Sowjetunion

Nadeschda Mandelstams Memoiren, die lange verboten waren, sind jetz zum erstenmal in der UdSSR erschienen; im August begann die Zeitung 'Junost‘ (Jugend) mit ihrem Abdruck. Unter dem Titel Nicht die Hoffnung verlieren schreibt sie von ihrem Leben mit Ossip Mandelstam, ihrem Ehemann, bis zu seinem Tod während Stalins Säuberungen.

Am 25. August wurde offiziell bekanntgegeben, daß ein Stern nach Anna Achmatowa benannt werden soll, deren Werke teilweise bis vor kurzem noch verboten waren. Ihr berühmtestes Werk, der Gedicht-Zyklus Requiem, wurde Ende des letzten Jahres zum ersten Mal in der UdSSR veröffentlicht.

Am 2. August wurde der ukrainische Dichter und Journalist Iwan Sokulski vorzeitig aus der Haft entlassen. Er war 1980 zu fünfzehn Jahren Lager und internem Exil verurteilt worden für seine Mitarbeit in der ukrainischen Helsinkigruppe.

Anfang August begrenzte das Ministerium für Kommunikation wegen Papiermangels die Anzahl möglicher Abonnements auf 42 sowjetische Zeitungen und Zeitschriften. Alle Kunst- und Literaturzeitschriften sind betroffen, einige konservative Monats-Zeitschriften dagegen nicht.

Am 10. August veröffentlichte die estnische Zeitung 'Rachwa Haal‘ zum ersten Mal in der UdSSR das geheime Zusatzprotokoll des Molotow-Ribbentrop-Pakts, in dem die baltischen Republiken der Sowjetunion zugesprochen wurden. Die Moskauer Behörden stellten die Authentizität des Materials jedoch in Frage.

Am 16. August erschien in der offiziellen Zeitung 'Iswestija‘ ein Leserbrief, in dem behauptet wird, öffentliche Bibliotheken hätten Anweisungen erhalten, alle politische und ökonomische Literatur zu entfernen, die vor Gorbatschows Machtantritt erschienen ist. Möglichen Ausleihern solle gesagt werden, die Bücher seien gerade ausgeliehen.

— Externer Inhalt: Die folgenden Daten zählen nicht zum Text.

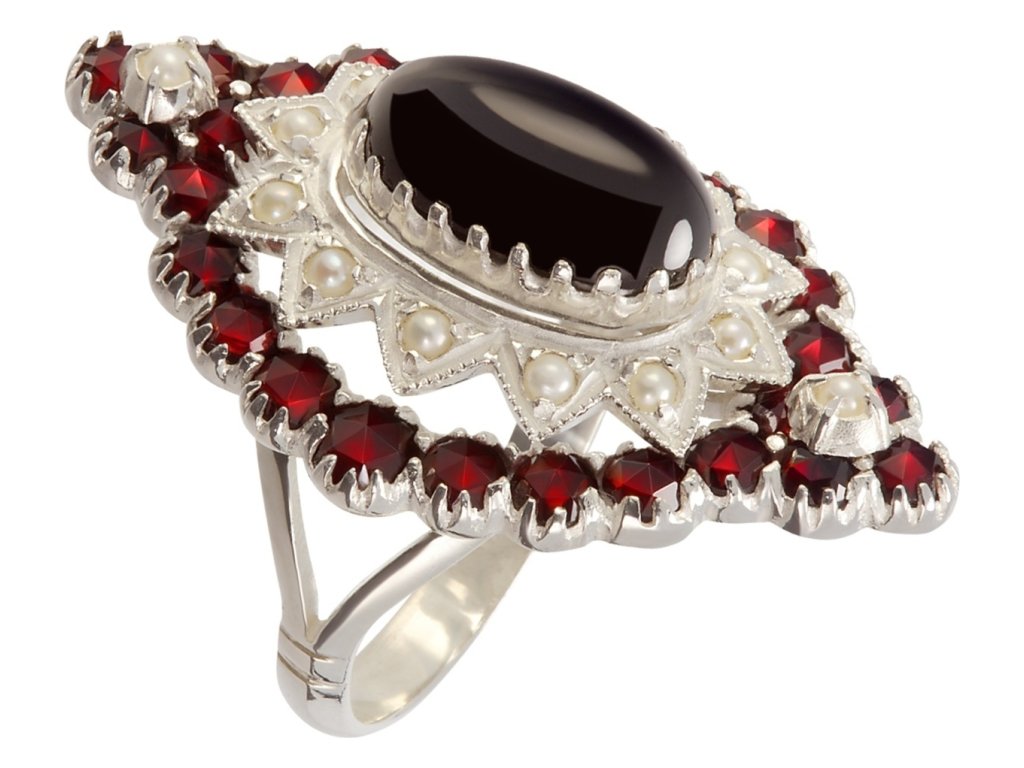 Tento stylový prsten je vyroben ze stříbra (Ag 925/1000) a zušlechtěn rhodiováním. Je zdoben českým granátem, almandinem a perlou. Šperku dominuje středový almandin. Velikost motivu je 32x20 mm.

Kürzlich neu gegründete Samisdat-Zeitungen sind 'Jekaterinburg‘, eine Literaturbeilage zu einer Zeitschrift in Swerdlowsk, und ein Literatur-Almanach in Irtutsk mit dem Titel 'Swecha‘ (Kerze). Eine lokale Zeitung veröffentlichte daraufhin Angriffe auf den Chefredakteur von 'Swecha‘, Igor Potschiwalow.